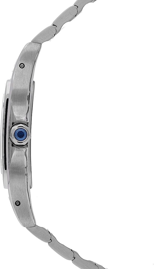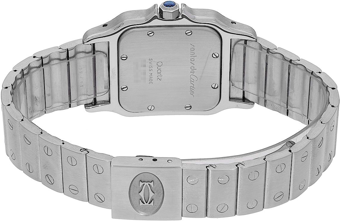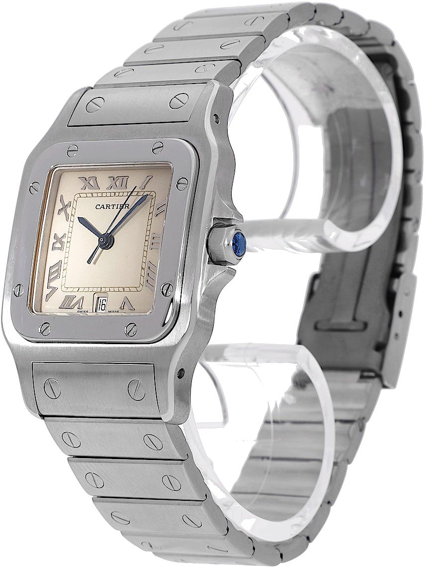 Cartier Santos, Reference: 987901, Gender: Unisex, Size: 29mm, Dial color: Beige, Strap material: Stainless Steel, Movement: Quartz, Condition: Previously worn with some signs of usage. The movement is flawless and the case has been cleaned. watch tested to ensure full functionality. An inspection by our certified watchmakers guarantees its authenticity., Documents: Original papers, CHRONEXT Certificate
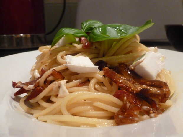 Mi querido compañero de trabajo me ayudó a hacer esta deliciosa receta! La llave de oro para el éxito es la caramelización de los higos. Esto hace que un buen aperitivo y pelado para el vino. Yo no soy un gran fan de higos frescos, ni queso de cabra,
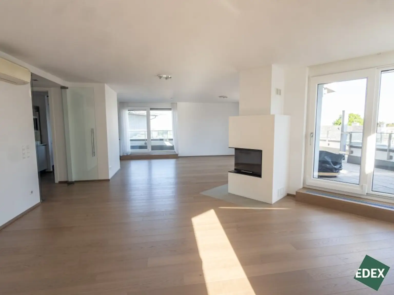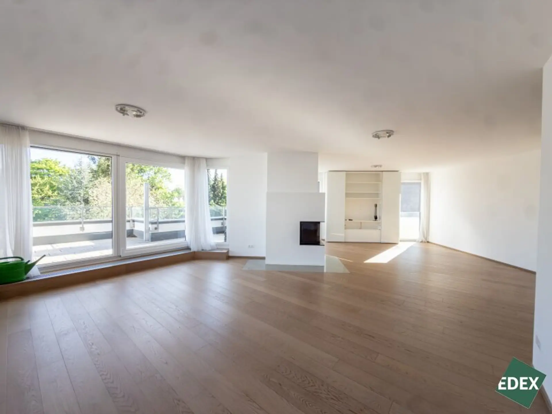Das Herzstück der Wohnung ist der beeindruckende, rund 66 m² große Wohnbereich, der durch seine offene Gestaltung, große Fensterflächen und den offenen Kamin ein einzigartiges Wohngefühl vermittelt. Von hier aus gelangt man auf eine weitläufige Terrasse, die zusätzlichen Freiraum im Grünen bietet.
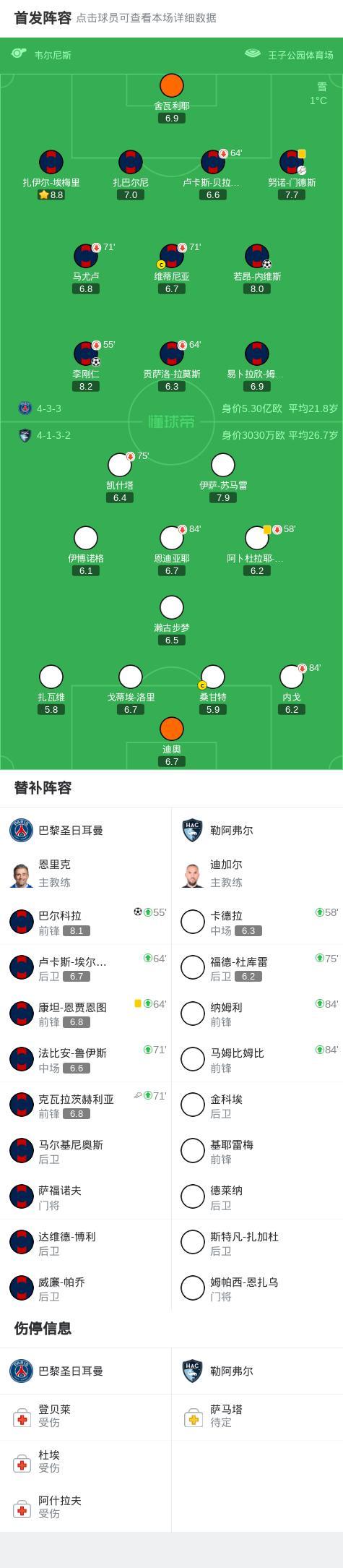 第67分鐘,巴爾科拉連續兩腳射門被擋出,內維斯補射建功,巴黎2-0

______________________________

• Exercise brief
Copy out the listing above in full and keep the pictures out.

• Solution for this exercise
 Cartier Santos, Reference: 987901, Gender: Unisex, Size: 29mm, Dial color: Beige, Strap material: Stainless Steel, Movement: Quartz, Condition: Previously worn with some signs of usage. The movement is flawless and the case has been cleaned. watch tested to ensure full functionality. An inspection by our certified watchmakers guarantees its authenticity., Documents: Original papers, CHRONEXT Certificate
 Mi querido compañero de trabajo me ayudó a hacer esta deliciosa receta! La llave de oro para el éxito es la caramelización de los higos. Esto hace que un buen aperitivo y pelado para el vino. Yo no soy un gran fan de higos frescos, ni queso de cabra,
Das Herzstück der Wohnung ist der beeindruckende, rund 66 m² große Wohnbereich, der durch seine offene Gestaltung, große Fensterflächen und den offenen Kamin ein einzigartiges Wohngefühl vermittelt. Von hier aus gelangt man auf eine weitläufige Terrasse, die zusätzlichen Freiraum im Grünen bietet.
 第67分鐘,巴爾科拉連續兩腳射門被擋出,內維斯補射建功,巴黎2-0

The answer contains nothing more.